Ultrasound has been used to measure the thickness of fat layers on pigs and cows as part of livestock management. It has also been used in improve the quality of homogenized milk. A related application is pest control, including killing insects.

 

Oceanography

In addition to the tracking of submarines, oceanographic applications include mapping the contours of the sea bottom, discovering sunken ships and searching for schools of fish.

 

Medical Applications

One of the most rapidly advancing areas of application is medicine. Ultrasound is used for imaging the human body and as a means of heating tissues to treat various ailments. It is also used to sterilize surgical instruments.

Generally, the higher frequencies are used for medical imaging. The lower frequencies, 1 MHz or less, have longer wavelengths and greater amplitude for a given input energy, thus producing greater disruption of the medium.

Among the many important advances in recent years have been higher resolution, real-time monitoring and color images.

Ultrasonic scanning has the big advantage over x-rays that there are apparently no adverse health effects. For this reason, it has come into widespread use for monitoring the condition of the fetus as it grows in the womb. The increasingly high precision of such monitoring has made it possible to detect defects even at the very early stages of pregnancy.

Ultrasonic scanning has also become extremely useful for obtaining information about the flow of blood through the heart and about the condition of the heart valves. Other important diagnostic applications are the detection of kidney stones, gallstones and tumors.

An example of medical treatment applications is brain surgery, for which a sharply focused, high intensity beam can destroy diseased tissue with high precision. Ultrasound has also been used in the therapeutic treatment of arthritis, bursitis, contusions, lumbago and neuroma.

There is still considerable controversy about the mechanism of such therapy. However, there is little doubt that it can be effective. One theory is that the benefits arise from the heating and possibly a "micromassage" resulting from the ultrasound.

 

Generation of Ultrasound

Ultrasonic waves can be generated using mechanical, electromagnetic and thermal energy sources. They can be produced in gasses (including air), liquids and solids.
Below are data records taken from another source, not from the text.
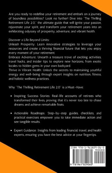 The Thrilling Retirement Life 2.0: Unleash Prosperity, Embrace Adventure, and Thrive in Vibrant Health Are you ready to redefine your retirement and embark on a journey of boundless possibilities? Look no further! Dive into The Thrilling Retirement Life 2.0, the ultimate guide that will ignite your passion, rejuvenate your spirit, and transform your retirement years into an exhilarating odyssey of prosperity, adventure, and vibrant health. Discover a Life Beyond Limits Unleash Prosperity: Learn innovative strategies to leverage your resources and create a thriving financial future that lets you enjoy every moment of your retirement. Embrace Adventure: Unearth a treasure trove of exciting activities, travel hacks, and insider tips to explore new horizons, from exotic locales to hidden gems in your own backyard. Thrive in Vibrant Health: Unlock the secrets to maintaining youthful energy and well-being through expert insights on nutrition, fitness, and holistic wellness practices. Why The Thrilling Retirement Life 2.0 is a Must-Have: · Inspiring Success Stories: Real-life accounts of retirees who transformed their lives, proving that it's never too late to chase dreams and achieve remarkable feats. · Actionable Roadmaps: Step-by-step guides, checklists, and practical exercises empower you to take immediate action and see tangible results. · Expert Guidance: Insights from leading financial, travel, and health experts, ensuring you have the best advice at your fingertips. Your Adventure Awaits Act Now! Don't let retirement be a mere pause; make it an extraordinary chapter filled with excitement, growth, and fulfillment. Grab your copy of The Thrilling Retirement Life 2.0 today and embark on a journey that promises prosperity, adventure, and vibrant health like never before. Seize this opportunity to create the retirement of your dreams - your best life is just a click away! Click the Add to Cart button and let the adventure begin! ¿
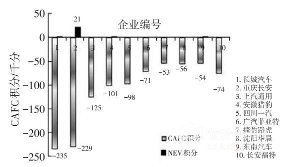 選取 CAFC 負積分最多的 10 家未達標企業(圖 5)分析發現,首先,未達標企業以 SUV 車型為主,因車型結構不合理使得其 CAFC 負積分偏高;其次,未達標企業在新能源汽車領域少有業績,除少數企業獲得 NEV 積分外,其余車企 NEV 積分為零,無法借助 NEV 積分抵消 CAFC 負積分。對于部分未達標企業可以利用集團內部在關聯企業間積分轉讓、交易的方式進行負積分抵償。一些獨立企業如長城汽車必須調整產品計劃,使預期產生的正積分能夠抵償其負積分。
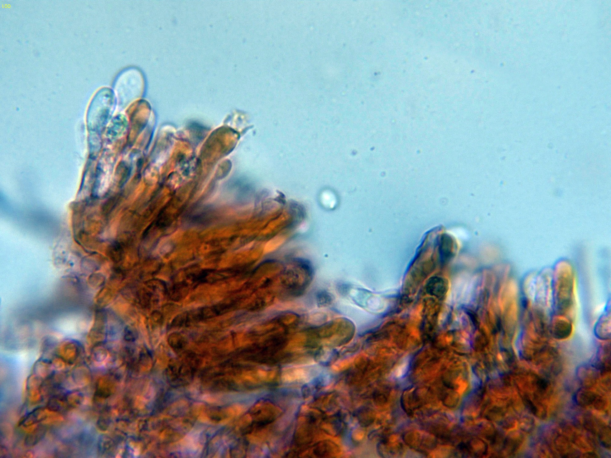 Las hifas de la suprapellis, dispuestas más o menos paralelamente, pigmentadas, con tabiques cortos y sin fíbulas.
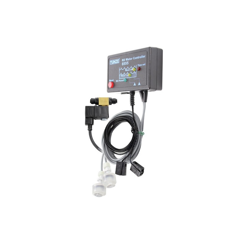 TUNZE® RO Water Controller 8555 is an automatic water level controller used in the collection container of TUNZE® RO station. The controller is also suitable for other water tanks or can be connected to an automatic refill system. It consists of a controller, two sensors, a water valve and an 12 V power supply unit. Depending on the use, the water valve can be replaced by switched socket outlet 3150.110 for mains operation.
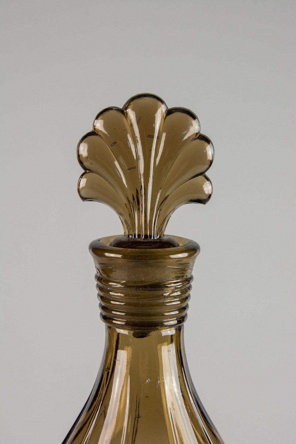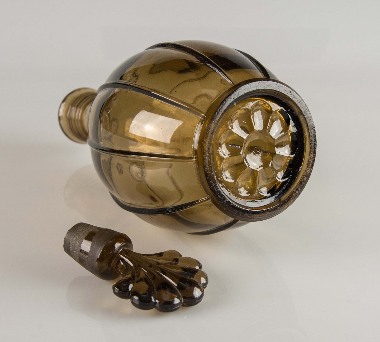 Karaffel i presset brunt glas med glasprop i dansk design
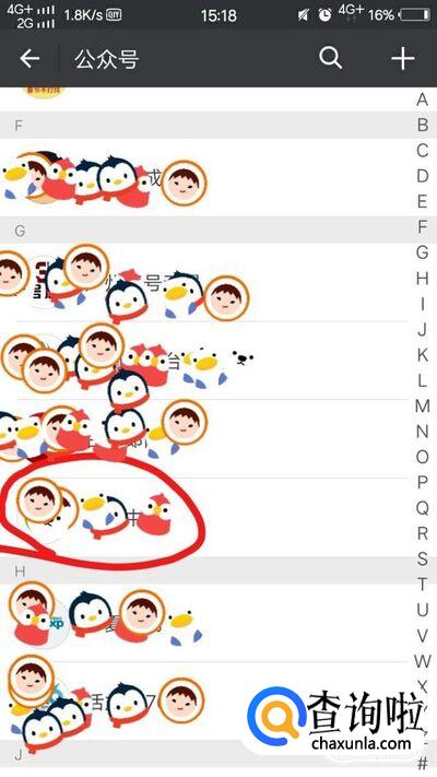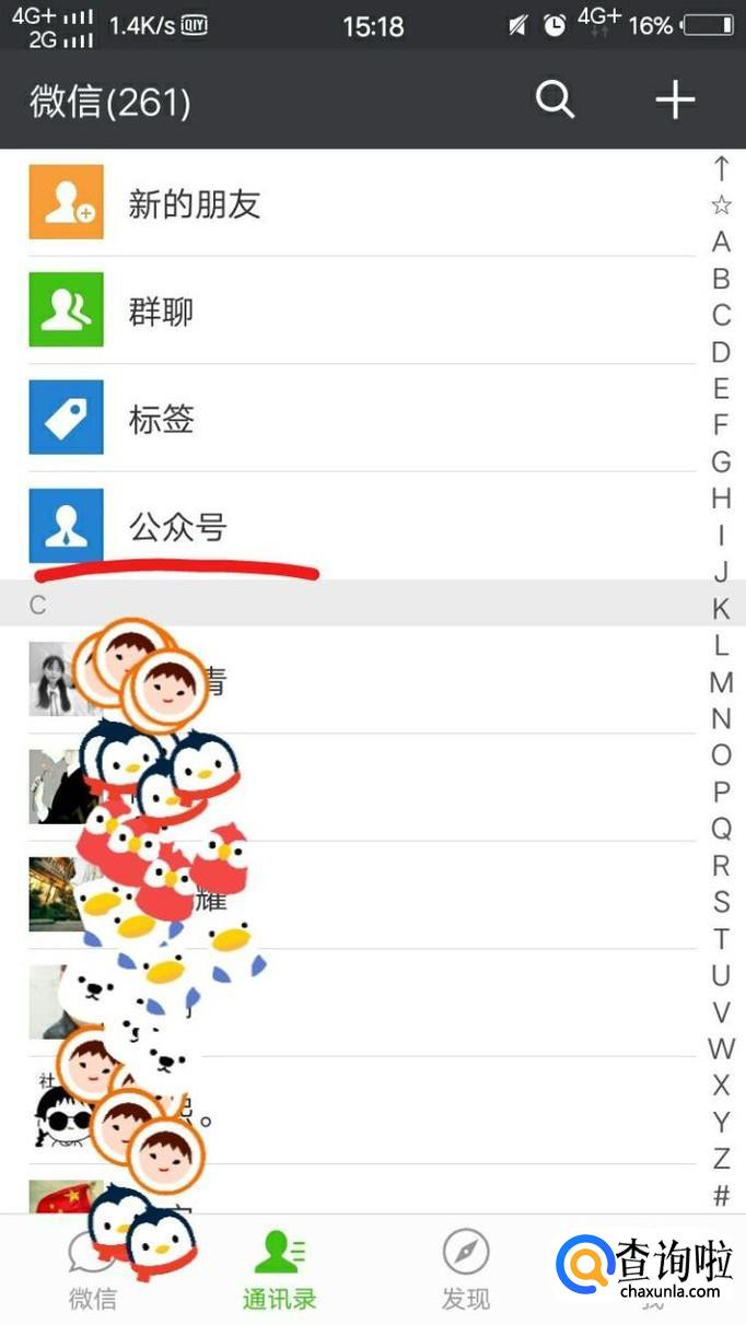 然后,在通讯录页面点击“公众号”,这样更容易找到自己想要转载文章的那个公众号。
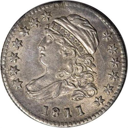 <B>1811/09 10C AU55 Scratched Uncertified.</B></I> JR-1, R.3. The second year of Capped Bust dime coinage is scarce in all grades. Considerable luster remains under artificial light gray and gold toning. Both sides have border scratches in places. Struck from a late state of the dies with a heavy obverse bulge and a shattered reverse die.<BR><BR><B>Coin Engraver:</B> John Reich<BR><BR><b>Shipping:</b> Coins & Currency (<a target="_blank" href="http://www.heritageauctions.com/common/shipping.php">view shipping information</a>)
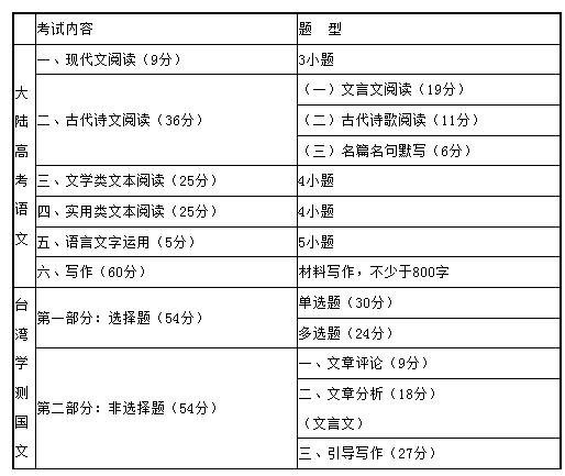 由上表可見,大陸比臺(tái)灣考試時(shí)長(zhǎng)多了半個(gè)小時(shí),總分多了42分。不僅如此,試卷結(jié)構(gòu)也存在明顯差異,請(qǐng)看下表:
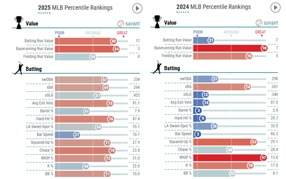 However, Turang became a really good hitter in 2025. He had a 124 WRC+ with 18 HRs to go along with his 24 SBs. His underlying metrics aren’t incredible, but they were a vast improvement across the board compared to his extremely blue 2024 Savant page.
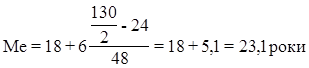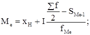 За даними табл. 9 розмах варіації дорівнює 4 особам (5 – 1); за даними, які застосовані для розрахунку медіани, – 20 рокам (35 – 15). Це ще раз підтверджує висновок про те, що розмах варіації істотно залежить від значень ознаки і дає лише приблизну характеристику наявності коливань ознаки в сукупності.
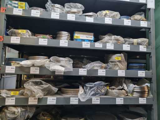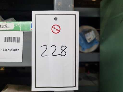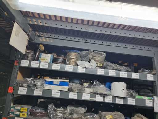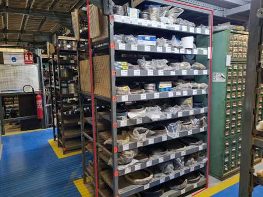 - Shelving not included: Only the spare parts and materials visible on the shelf marked in red in the first photograph are delivered. The metal structure is not part of the lot.

Magnetostrictive transducers use the inverse magnetostrictive effect to convert magnetic energy into ultrasonic energy. This is accomplished by applying a strong alternating magnetic field to certain metals, alloys and ferrites.

Piezoelectric transducers employ the inverse piezoelectric effect using natural or synthetic single crystals (such as quartz) or ceramics (such as barium titanate) which have strong piezoelectric behavior. Ceramics have the advantage over crystals in that it is easy to shape them by casting, pressing and extruding.

The piezoelectric effect was first studied by Pierre Curie around 1880. He found that asymmetrical crystals such as quartz and Rochelle salt (potassium sodium tartrate) generate an electric charge when mechanical pressure is applied. Conversely, mechanical vibrations are obtained by applying electrical oscillations.

 

The Future

There is widespread agreement among researchers and scientists that ultrasonics is still in its infancy. This is evidenced by the fact that there is a great deal which is still not known about the field and the continued rapid rate of progress on nearly all aspects of it.

Among the keys to further progress will be advances in materials (particularly piezoelectric materials for the transducers), in electronics and in computers (for interpreting and enhancing the results).

Improvements in performance will be accompanied by further reductions in cost and increased diversity in the applications, likely including the development of some completely new uses.